1. 12
  1.  

  2. 2

    It might sound like a silly question, but if I already have the file on my local filesystem, what eoningain by adding a network layer on top of it?

    1. 3

      In my company we have a lot of slowly-changing data sets. This looks like a way to distribute that data via API without all the machinery of a database underneath it.

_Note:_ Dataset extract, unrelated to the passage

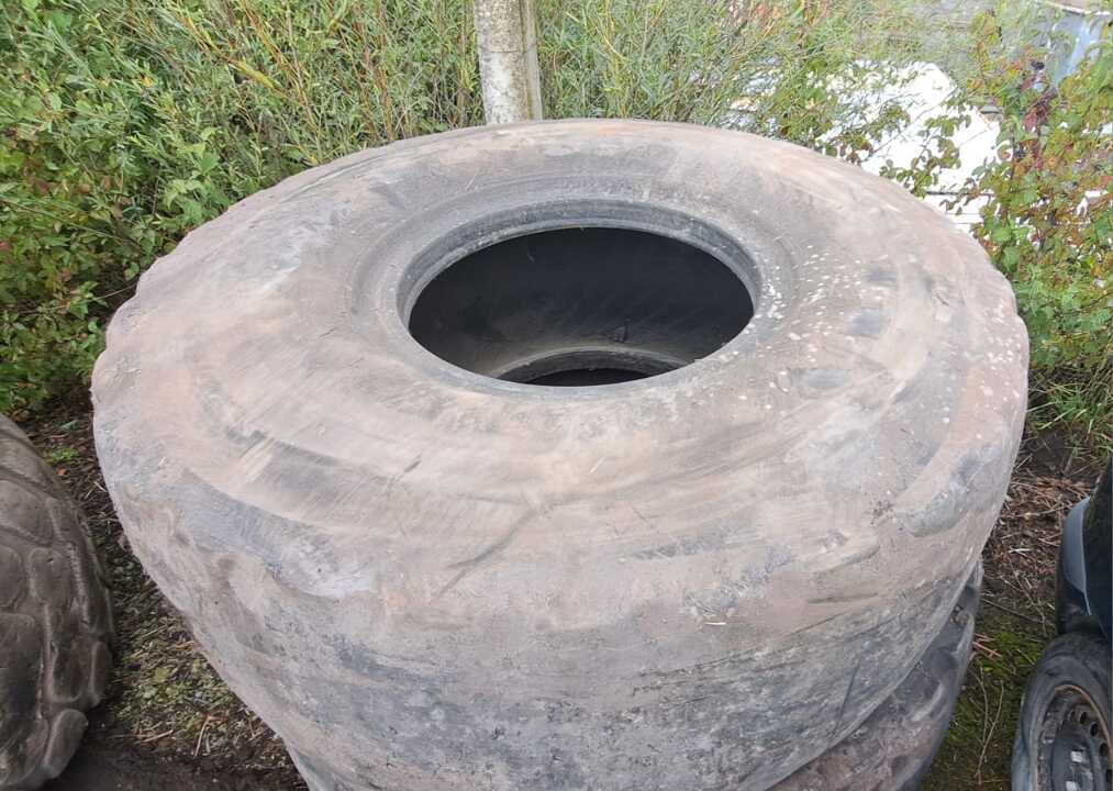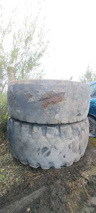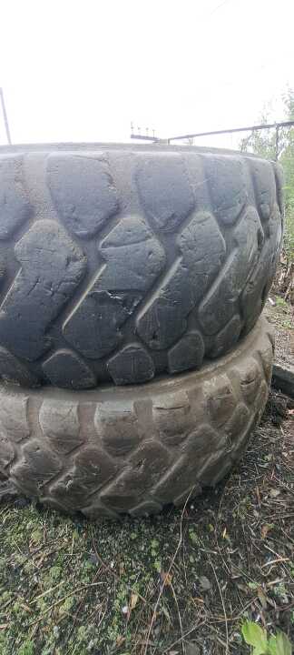 Дві пневматичні шини гумові, які були у використанні марки MICHELIN, розміром 26,5/R25 та два коліса бувших у використанні марки TRIANGLE, розміром 26,5/R25. Значно зношені, мають численні порізи та тріщини.
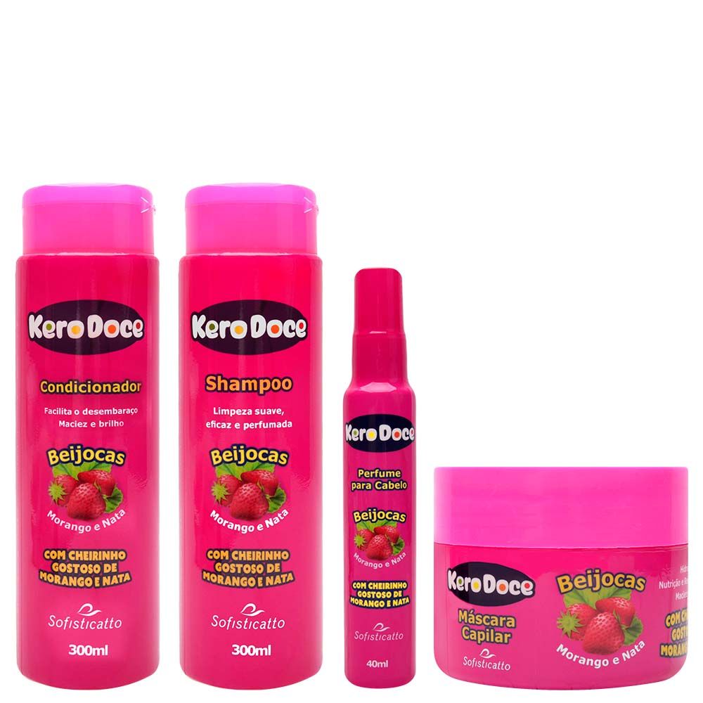 Kit Capilar Completo Beijocas 4 Itens - Sofisticatto. Cuidado completo com um aroma irresistível. O Kit Capilar Completo Beijocas da Sofisticatto foi desenvolvido para proporcionar um tratamento completo para os cabelos, unindo hidratação, nutrição e perfume duradouro. Inspirado no aroma do famoso Fini Beijocas, esse kit traz uma fragrância deliciosa de morango com nata, deixando os fios perfumados e sedosos.

      Combine it with immutable infrastructure and we could have a version controlled file distributed by deployment without the need for custom source code for each dataset.

      1. 3

        This is one of the main inspirations behind roapi! We have lots of datasets that gets updated once a day from ETL pipelines. Right now we are exporting those data back to MySQL at the end of every pipeline run. But MySQL is a huge overkill for this particular use-case. The export process can easily overload the MySQL instance and impact ongoing production traffic too. Just serving those data from a stateless read-only API backed by an embedded analytical query engine is a much simpler and more scalable setup. Serving newly produced data can be done through deploying a new version of the API without any impact to the existing traffic.

      2. 2
        • The data is centralised by default.
        • The data is read-only.
        • You can edit the underlying file at any time and your users will see the new data without needing to re-download anything.
        • Serve via HTTPS so the reader can verify the source of the data, know it was transmitted privately and wasn’t tampered with during transit.
        • You only need to expose a network connection, not the file system. Keeps the attack surface smaller.
        • Allowing whatever is consuming it to query it using SQL.
        • Get all the speedups that Parquet offers over CSV.
        • Single command on the CLI, very little to mess up.
        1. 2

          If you are ok with distributing the same dataset in all nodes that need access to the data, then you don’t need the extra network layer. if fact, roapi comes with a columnq library and cli to help you perform the same type of analytical queries over local dataset, see https://github.com/roapi/roapi/tree/main/columnq-cli and https://github.com/roapi/roapi/tree/main/columnq.

          But if you have a 10GB data you want to serve and you have 1000 clients, you probably don’t want to copy and duplicate that 10GB data to all the clients. This is where ROAPI will meet your needs. Or if your clients are all in different languages and you want to provide a consistent query interface and capabilities for all of them, wrapping the data behind an API is a good idea even if the dataset size is small.

        2. 2

          Cool project! It looks like a great little tool for improving quality of life for anything that’s still just some hosted file.

          It would be pretty fun to make a little static HTML file for executing the basic commands and stuff from web browser (sort of like a Open API Spec browser)

          1. 2

            yep, that’s a pretty cool idea, we were discussing about this couple weeks ago in https://github.com/roapi/roapi/issues/80#issuecomment-923160321.

          2. 1

            ROAPI is made up of 4K lines of Rust. This line count is low due to the intense use of 3rd party libraries

            I’m not saying it could or should have been smaller, but I don’t think 4K can be called “low” especially when you’re using so many libraries you had to call it “intense”.

            1. 1

              There are very few OLAP systems out there with less than 100K lines of code.

              4K lines means you can review the code in minutes/hours rather than days or never fully review.